Not only was I away from Delos, but I was also had put off my return to my parents.
"Do you miss them?" I asked my voice soft. Rogue's hands paused for a moment before they continued their work. She didn't answer for a long time, merely continued to work on my hair quietly in such a way that I thought that maybe she was upset with me or maybe she had just decided to ignore my question.
"Terribly," Rogue suddenly answered her voice quiet. "But it doesn't hurt as much if I don't think about them."
I swallowed, "How do you do that?"
"I just…concentrate on what I'm doing; try to think in the now. I don't try to think about the past or the future—I just concentrate on the here and now. And when I concentrate on
the here and now, I can do my best to protect those who I care about and are still with me." She pulled her fingers away, indicating that she was finished playing with my hair. I
turned around and peered into her tired dark brown eyes. She tried to smile, but it came off weak and weary. "At least that's what I do to keep myself going. But I do think about
them sometimes at night and it is hard." I nodded mutely, my eyes drifting away from her. She was quiet for a moment and I could feel her penetrating gaze on me the entire time.
It was as though she were reading my thoughts, because after a few seconds of silence she asked, "Do you miss him?"
My eyes snapped to hers—just like she rarely talked about her past life, I rarely talked about Delos. It was as though if I talked about him like he wasn't there, it would make the
fact all too real. And I'd already spent too many sleepless nights crying for him, wishing that he'd come and save me. I didn't think talking about it would help my situation one bit.
But Rogue had told me a little bit about her past life, so I almost felt obligated to tell her more about him. "I miss him with every fiber of my being," I confessed, not at all
embarrassed by its sappiness. It was truly how I felt and there was no denying it.

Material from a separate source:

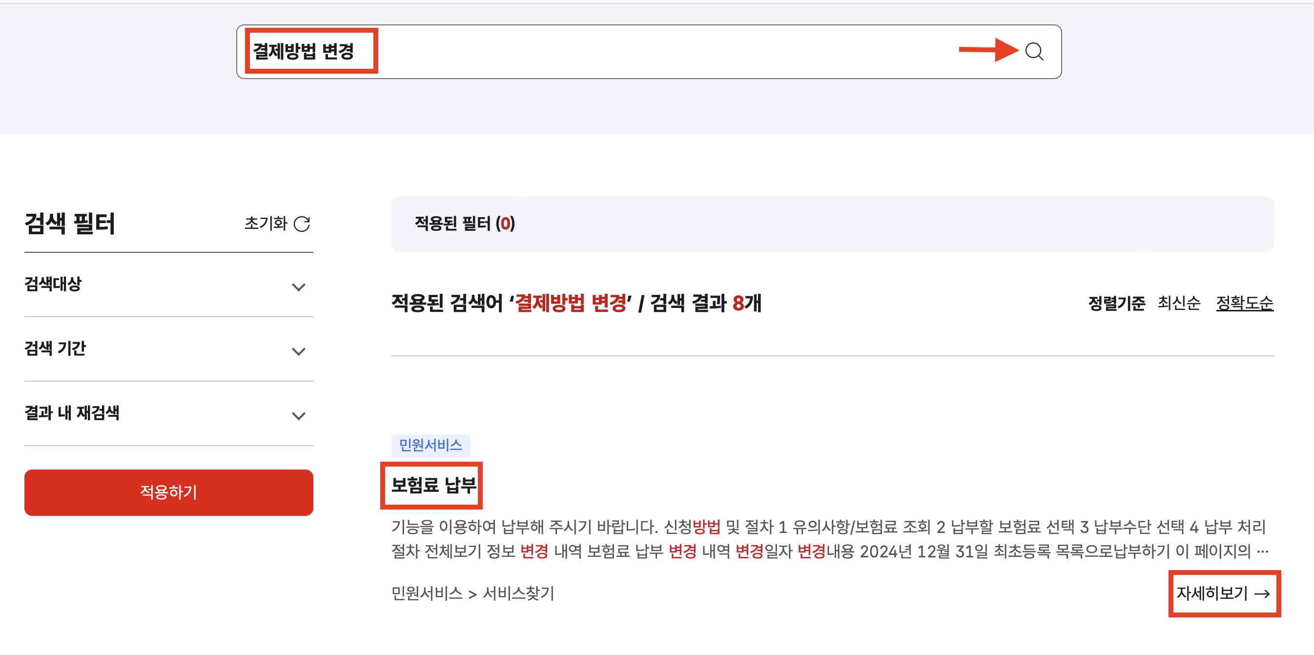 - 미납 요금이 없다면 민원서비스 -> 서비스찾기 -> 자동이체 검색 -> 자동이체 신청

Rogue slowly nodded and hesitated, her mouth open to say something. After a moment she sighed and spit whatever she wanted to ask out. "Would you tell me about him?"
Pain washed through me. Of course I could tell her about him, but not without feeling an immense amount of pain. And what was more was that I knew Delos like no other—I'd seen
and felt every thought and feeling that had ever gone through his mind and heart and I knew that some things just couldn't be explained no matter how hard I tried. There were no
words for some of the things that described Delos. But looking at her curious eyes, I couldn't help but have a strange feeling that I wanted to tell her, to get it off my chest. "Delos
is a true leader—he's someone who has the voice that someone will listen to. He's one of those people who draw people to him without him really knowing it, and he's kind and
compassionate—not that you could tell if you were just meeting him, because he does tend to put up a protective shell. He's knowledgeable, sure of himself, and yet he's also
vulnerable. He has his flaws of course, like we all do, but he's…" I paused, trying to find a good word that described him as a whole, "he's simply an extraordinary man whom I love
with all my heart."
Rogue stared at me with an unreadable expression for a long time, and I started to wonder if I sounded like one of those lovesick crazy nutjobs who were constantly in lala land.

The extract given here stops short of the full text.